Medical Accounts Receivable Financing-Stat

According to the U.S National Library of Medicine and the National Institutes of Health Medline dictionary the word “stat is an adverb for the latin word: STATIM. Statim is an adverb that means immediately or without delay. When a persons arrives at the hospital emergency room with a gunshot wound, the staff might say, “We need to get this patient to surgery stat!” meaning immediately, now. In a medical situation “stat” connotes extreme urgency. Does your medical business need to accelerate cash flow with accounts receivable financing “stat”?

One of the greatest challenges for medical professionals is managing their accounts receivable. Medical accounts receivable typically are the largest asset on their balance sheet. It typically takes 60 to 120 days or more to collect medical accounts receivable because of the long reimbursement process from third party payors, such as Medicare, Medicaid, and commercial insurance companies. The collection process is long and complex. Disputes regarding payment amounts are common. Medical accounts receivable financing accelerates cash flow to pay for expenses such as payroll, malpractice insurance, rent, inventory and advertising.

What are the types of medical professionals that may qualify for medical accounts receivable financing? The following is a partial list: hospitals, medical centers, rehabilitation centers, medical laboratories, surgical centers, sports medicine centers, MRI imaging centers, physical therapy centers, substance abuse clinics, physical therapy centers, manufacturers and/or distributors of medical devices, and physician’s practices whether general or specialized from A to Z such as anesthesiologists, gastroenterologists, obstetricians, and Zygote – Morula Specialists.

How lengthy is the process to obtain medical accounts receivable? It generally takes four to eight weeks to obtain funding because of the unique issues presented. The commercial finance company must perform extensive audits and analysis of the prospective client’s financial situation. They need to determine that the business is and will be a “going concern”. They need to examine billing practices which often are outsourced. This may require a separate audit of a third party. And they need to examine the forseeability of collection of the outstanding accounts receivable by auditing the accounts receivable aging reports from a historical collection perspective. In other words, how much of the amounts owed will be collection losses? How much will actually be collected?

What are other unique issues regarding medical accounts receivable financing? There are potential bankruptcy issues, lien priority issues and the “big bad wolf” issue: after a commercial finance company has purchased medical accounts receivable, the federal government can assert lien priority on the assets of a bankrupt medical company. One example of this is the case of American Investment Financial (“AFI”) versus the US also known as the internal revenue service.

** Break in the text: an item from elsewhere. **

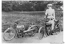 Hind later said she took up motorcycling because she "thought she would like to".[5] Her first motorcycle was a Singer, basically a motorised dropped frame bicycle, with a 2hp Motor Wheel added to the back wheel. The design was developed by Edwin Perks and Frank Birch of Coventry.[6]

AFI loaned over $800,000 to a pediatric and urgent care clinic. The clinic defaulted on their financial obligations to AFI and also defaulted on their tax obligations to the federal government. It was undisputed that AFI had followed the rules correctly in terms of filing their liens and perfecting their security interests. Nevertheless, the court held that pursuant to Federal law, after a 45 day statutory safe harbor period had passed, the government’s lien took priority. AFI lost hundreds of thousands of dollars because of federal tax law and IRS regulations. It is no wonder that commercial finance companies look very carefully before they purchase medical accounts receivable.

Commercial finance companies will generally advance an amount equal to 70% to 80% of a borrowing base, which may be called “the aggregate amount of eligible accounts”, “net realized value” or “net expected collections”. You can expect the following items to be excluded from your borrowing base: accounts which are subject to dispute, counterclaim or setoff; accounts of any account debtor who has filed or has filed against it a petition in bankruptcy; accounts owed directly by patients or customers.

The bottom line: medical accounts receivable financing, or medical factoring, is more difficult to obtain than other types of factoring because of the legal risks and business risks faced by the lenders. The process to obtain medical accounts financing usually takes much longer than accounts receivable financing for other industries, such as a manufacturer. This good news is, once the credit facility is established, funding can take place in a day or less from your request for financing. You can have medical accounts receivable financing “stat”!